On Wednesday, health officials warned that children in several schools in the Alpine School District may have norovirus and sent letters home to parents.

The Utah County Health Department on Thursday confirmed that a student in Orem tested positive for norovirus, adding to the list of cities in the county where officials are concerned about an outbreak.

"Just getting back to school, it's always a little bit hard because you get kids in more of a confined space together," said Aislynn Hill, public information officer for the Utah County Health Department.

It's entirely possible that there have been others that we're just not aware of.
Aislynn Hill, public information officer for the Utah County Health Department

Officials from the school district said several students got sick at school Thursday and threw up.

The virus commonly causes diarrhea and vomiting and can affect anyone.

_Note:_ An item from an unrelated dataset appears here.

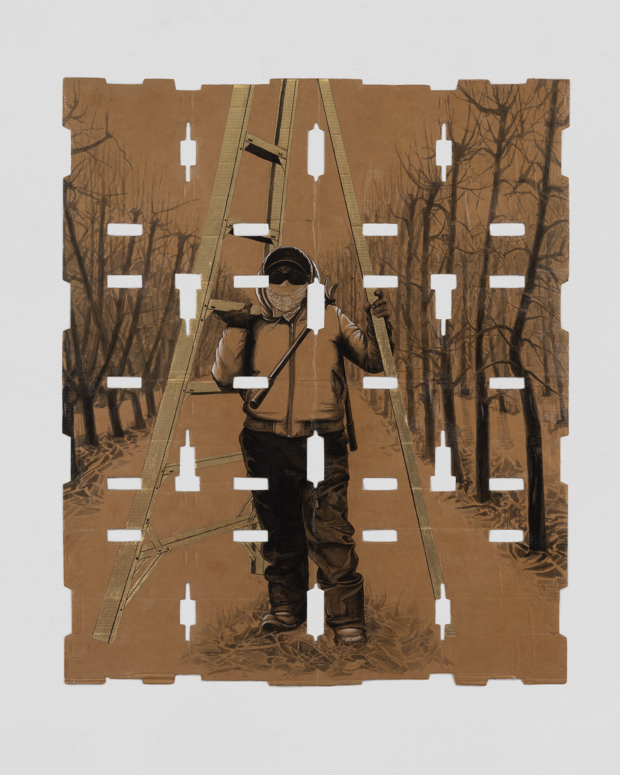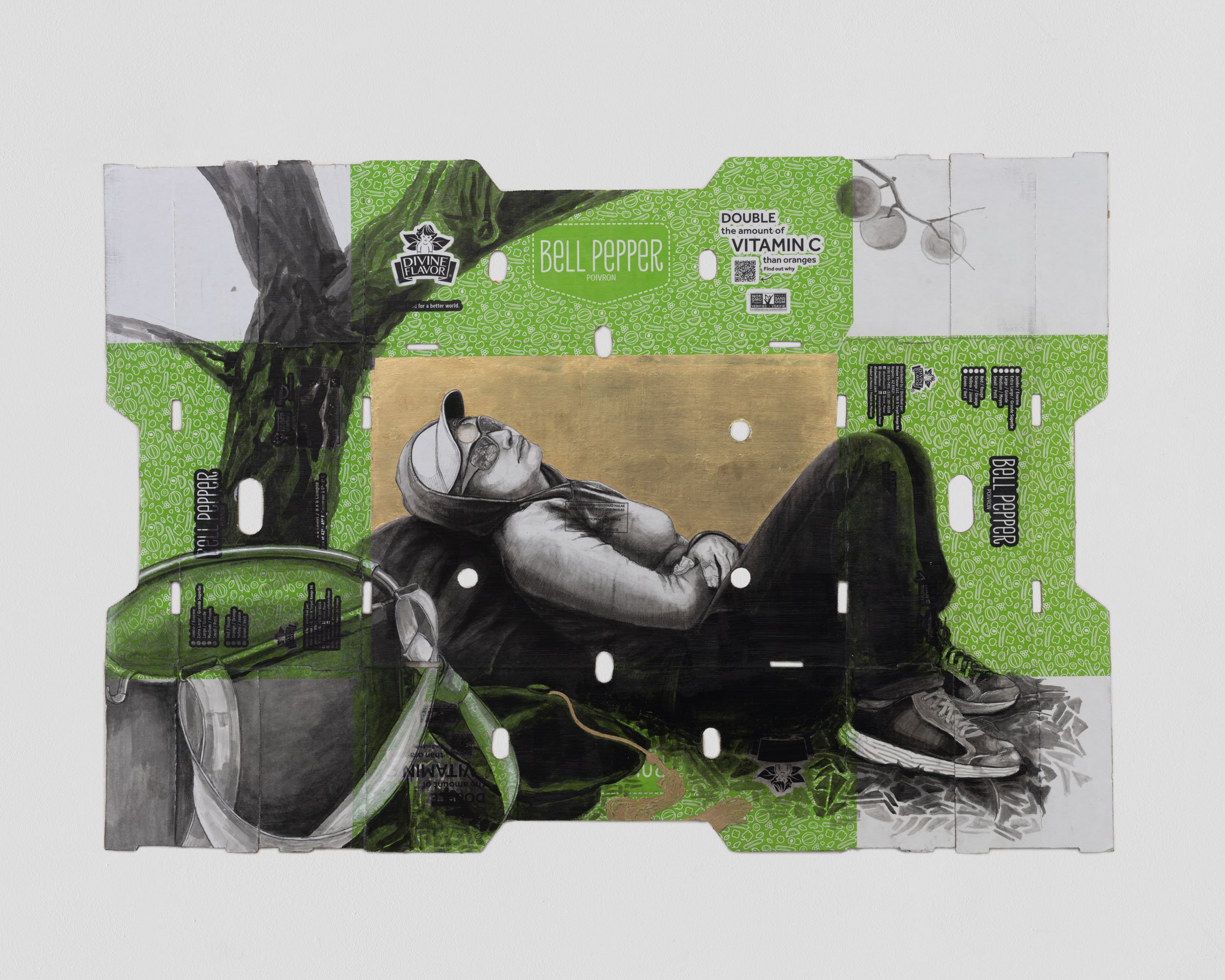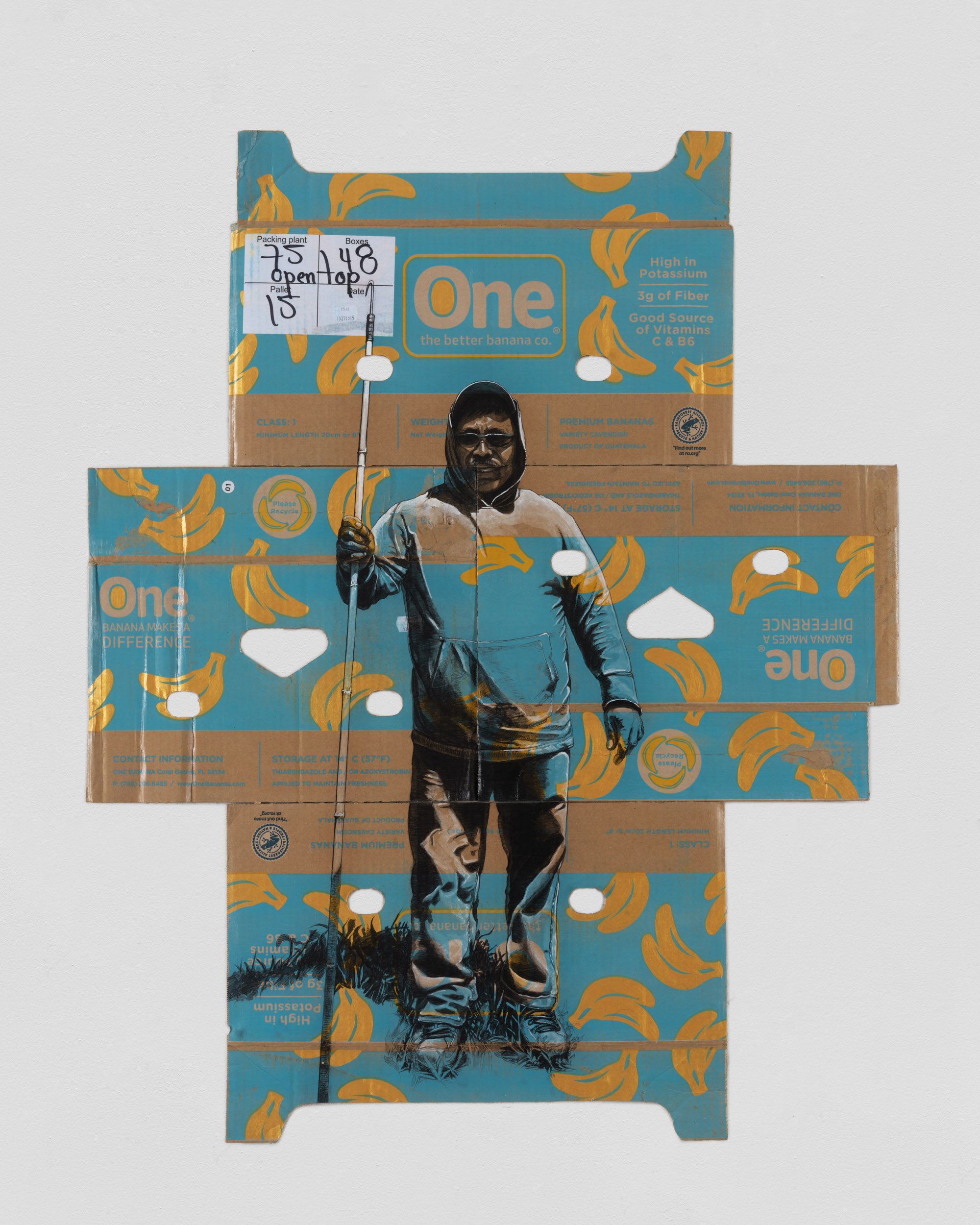 The gallery’s booth will be anchored by a pair of large scale pieces - Essential Since 2013 and Essential Since 2004 - two large scale portraits of farmworkers executed on a series of found produce boxes. Each piece presents a portrait of an individual farmworker, one female and one male, each in poses suggestive of a cross. Each piece measures approximately 8 x 6 ft in dimension. In gold leaf at the top of each portrait are fragments of QR codes taken from the subjects' ID cards, used in the fields by “checkers” who measure and track the harvests for each worker. Flanking these works are several portraits of farmworkers at work and at rest on found produce boxes. Narsiso is currently exhibiting at the CONVERGE Biennial in Portland, Oregon. In December of 2023, Narsiso will be the subject of a solo exhibition at the Buffalo AKG Museum (formerly the Albright-Knox) which will run until April of 2024.

The health department said it has recently received dozens of reports of illness that could be norovirus.

And norovirus is "highly contagious," officials said.

However, because health care providers aren't required to report the virus, it is difficult for officials to maintain an accurate count of how many cases have been seen in the county, according Hill.

"It's entirely possible that there have been others that we're just not aware of," she said.

Hill said students in Orem will also be sent home with letters for their parents informing them about the virus.

"Even if they're nauseated, one of the recommendations, for instance, is to perhaps keep them home because that certainly can turn into … vomiting later in the day," she said.

Health officials are asking parents of children who show symptoms of the illness to keep them out of school for 72 hours until "after vomiting and diarrhea have ended."

If a child's sibling experiences similar symptoms, officials ask that parents keep them home from school as well.

When parents inform school officials their child will be absent for the day, the school district is asking parents to volunteer whether their child is experiencing symptoms of the gastrointestinal illness or will be absent for other reasons.

Symptoms of the illness also include nausea, headache, low fever and stomach cramps, officials said. Symptoms usually appear within one to two days of exposure, but can show up earlier.

"Persons with norovirus usually recover within two to three days without serious or long-term health effects. Even though the virus is easy to spread, serious illness rarely occurs," officials said.